- Original author: Per Lindberg
- Developer: Thomas Dickey
- Initial release: 1986; 40 years ago
- Stable release: 20200420 / April 20, 2020; 6 years ago
- Operating system: Cross-platform
- Type: Utility software
- License: MIT License
- Website: invisible-island.net/vttest/
- Repository: invisible-mirror.net/archives/vttest/ ;

= Vttest =

Application for feature demonstration of terminals or terminal emulators

Example showing VTTEST locking-shifts test for xterm running as a VT220.

Example showing VTTEST displaying doublesize characters in xterm.

Vttest is an application that demonstrates various features of the VT100 and related terminals, or emulations thereof, such as xterm. The program was originally written in 1986 by Per Lindberg.
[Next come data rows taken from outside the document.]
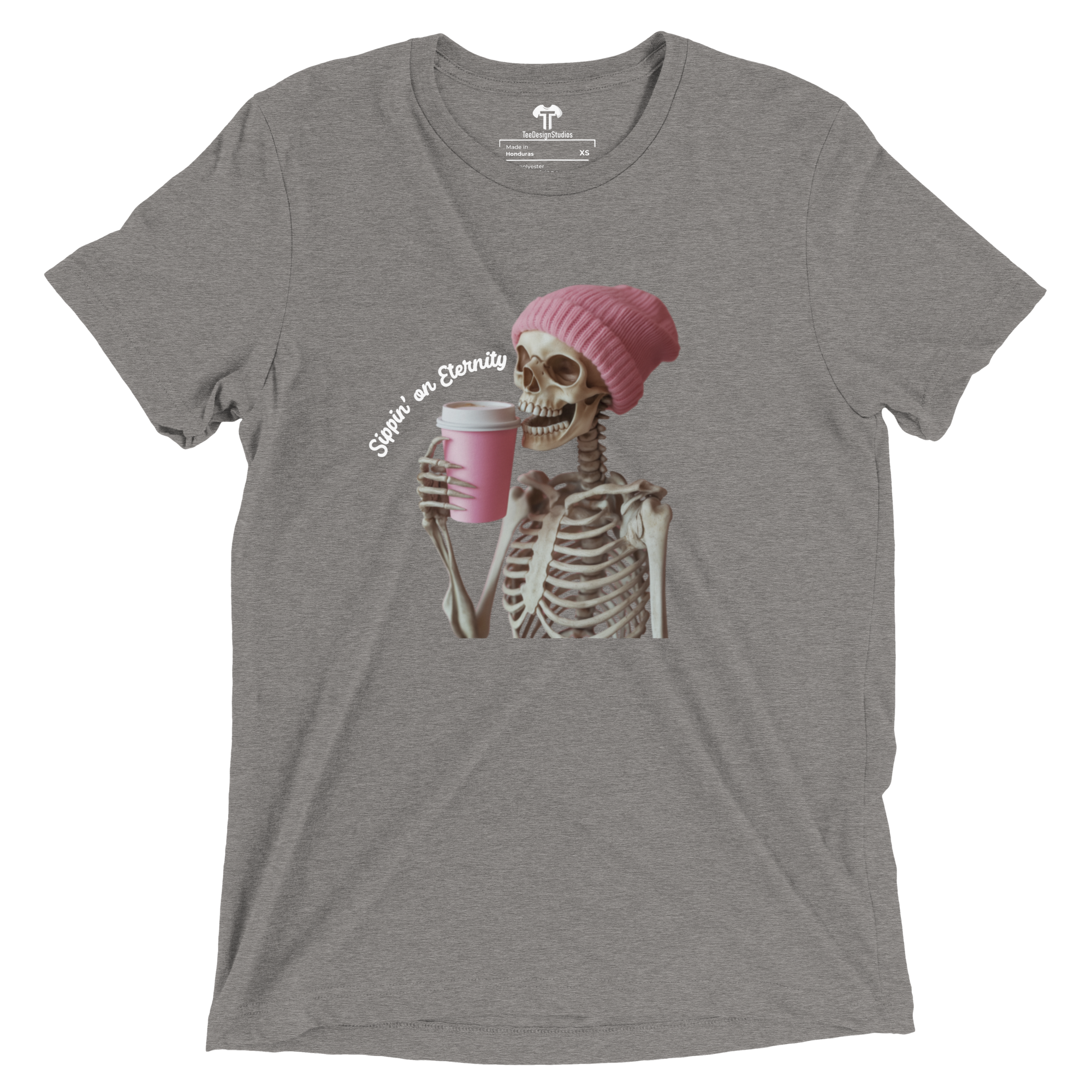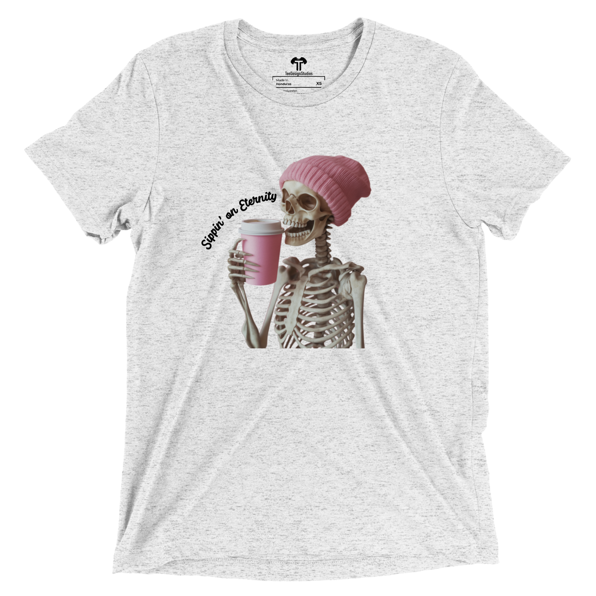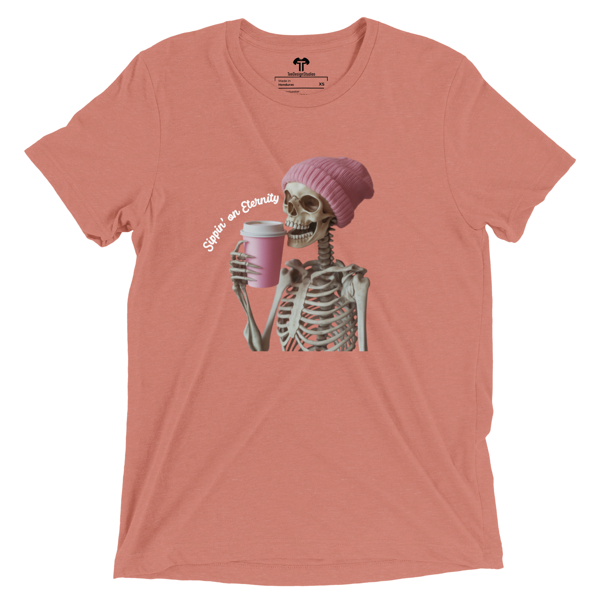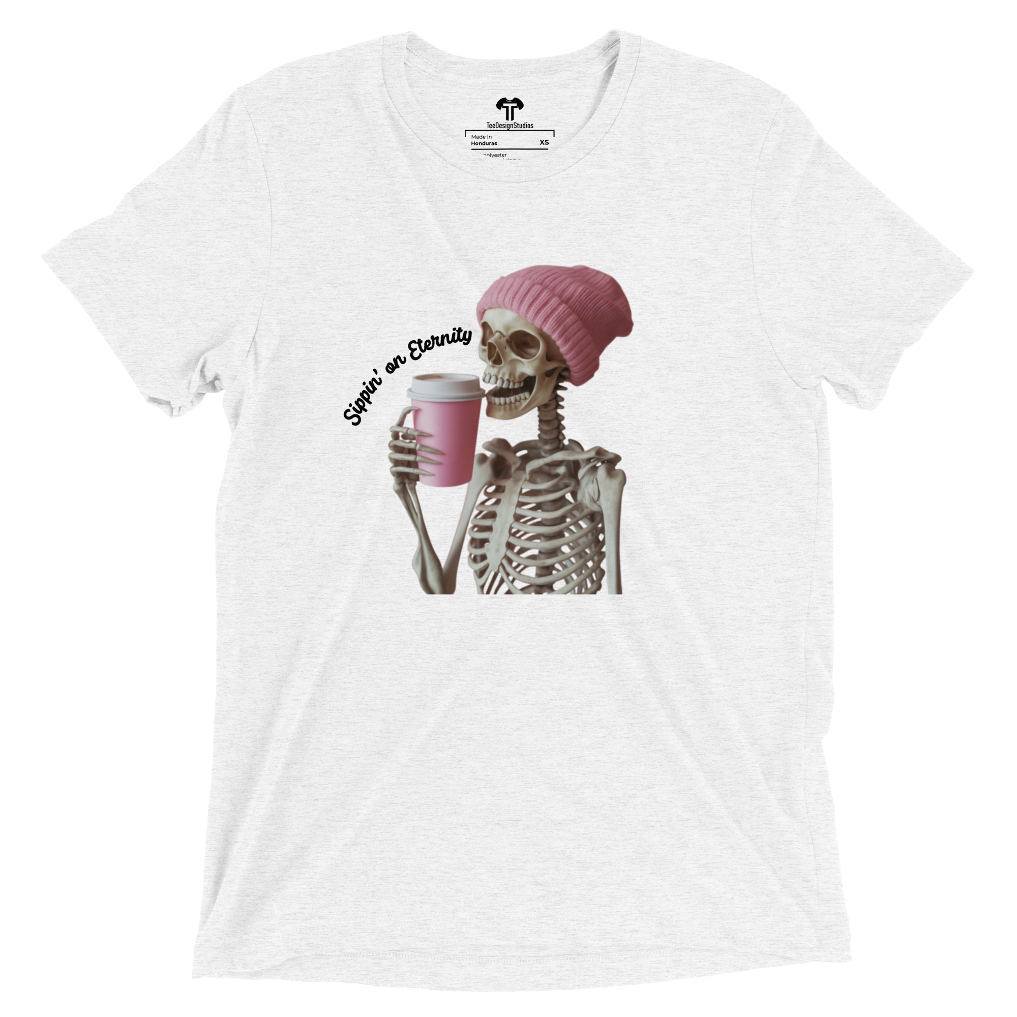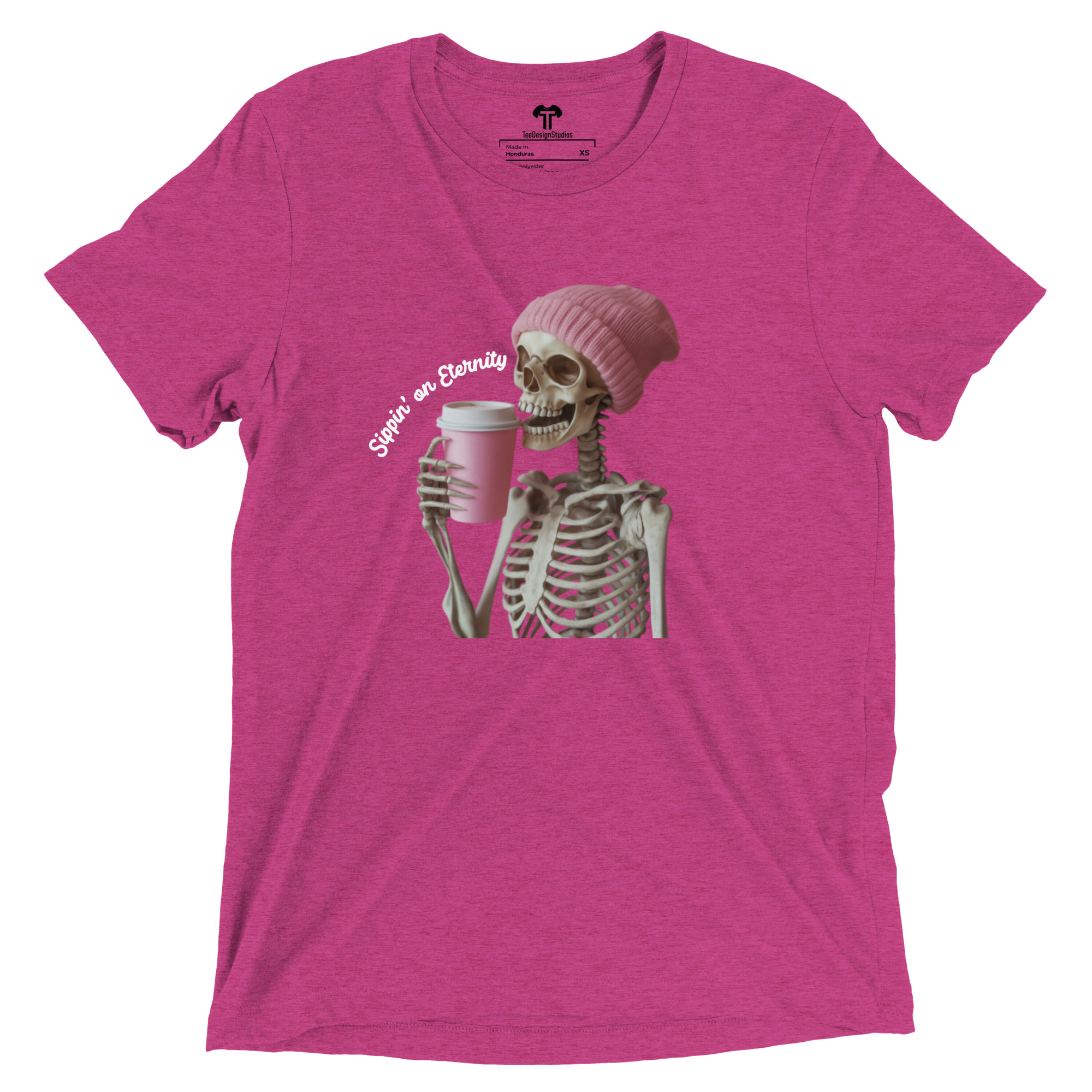 Made from tri-blend fabric, this t-shirt provides a vintage, tailored fit with outstanding durability that stays comfortable through countless washes. The design depicts a skeleton in a pink beanie, sipping coffee from a to-go cup with a pink lid, accompanied by the phrase “sippin' on eternity.”
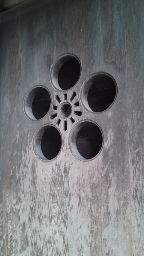 という歌にちなんで、境内には紅白の梅の花が植えられているほか、紋様も梅模様。
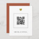 This is the ideal way to let your friends and family know about your upcoming nuptials. Add the QR code for your wedding website. If you don't have a code yet, there are many sites online who can give you a code for free. You will link it to your URL of your website. Then bring the code here and upload it. Add your names, and on the reverse a short personal message.
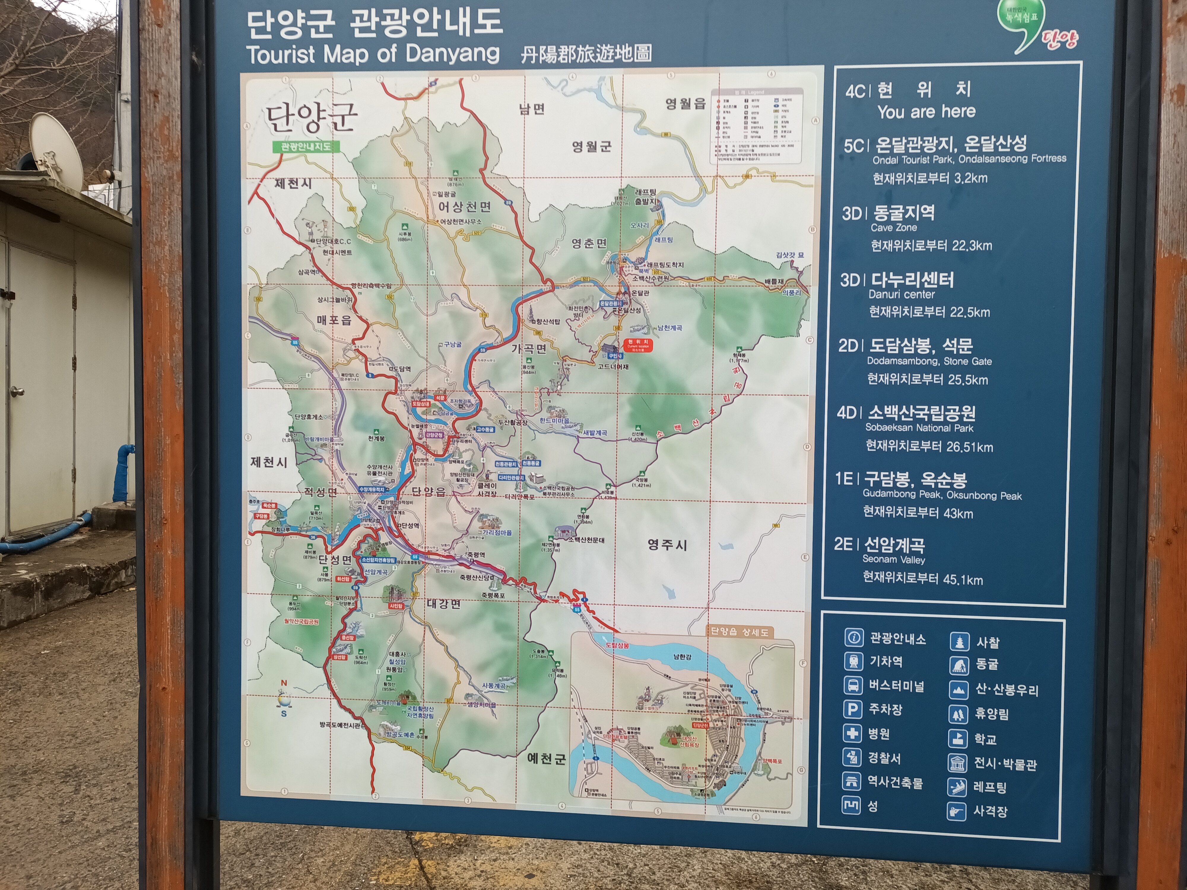 따라 가다 보면 천태종 구인사 이정표 우측을 따라 가다 보면 구인사 시외버스 주차장이
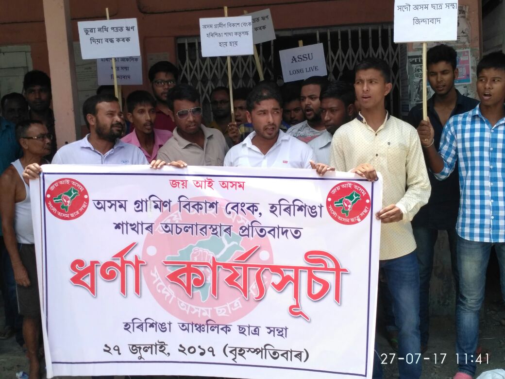 হৰিশিঙাঃ অসম গ্ৰামীণ বিকাশ বেংকৰ হৰিশিঙা শাখা পুনৰাই সক্ৰিয় কৰাৰ দাবীত আজি স্থানীয় ছাত্ৰ সন্থাই প্ৰতিবাদ সাব্যস্ত কৰে৷ দীৰ্ঘ দিন ধৰি বেংকটোৰ কাম-কাজ বন্ধ হৈ থকাত বেংক কৰ্তৃপক্ষৰ সৈতে ৰাইজে বহুবাৰ আলোচনাত বহিছিল যদিও বেংক কৰ্তৃপক্ষই বেংকৰ শাখাটো সক্ৰিয় কৰাত গুৰুত্ব আৰোপ নকৰাত আজি হৰিশিঙা আঞ্চলিক ছাত্ৰ সন্থাই বেংকৰ শাখাটোৰ সন্মুখত ধৰ্না কাযসূচী ৰূপায়ন কৰে৷
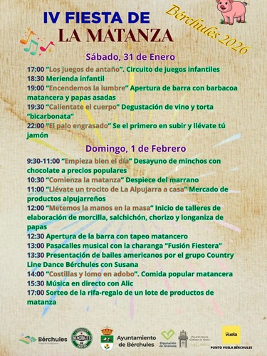 La IV Fiesta de la Matanza de Bérchules llenará de vida este fin de semana las calles de este pueblo alpujarreño, que volverá a rendir homenaje a una de sus tradiciones más queridas. Durante el sábado 31 de enero y el domingo 1 de febrero, vecinos y visitantes disfrutarán de un completo programa de actividades donde la gastronomía y la convivencia serán protagonistas. Esta cita, ya consolidada en el calendario festivo, refuerza la identidad cultural y gastronómica del municipio y de toda la comarca.

It has been maintained and extended since 1996 by Thomas Dickey, to test and demonstrate features of xterm.

The newer version has always been distributed as a separate program; older versions have been bundled with other software, e.g., terminal emulators such as Rxvt, Konsole, and the FreeBSD PCVT.

Perhaps prompted by the "scoresheet" presented by the developers of Kermit, some other developers of terminal emulators have asserted that their product achieves a given rating on the "VTTEST Score Card".
However, no independent verification of any of those claims exists.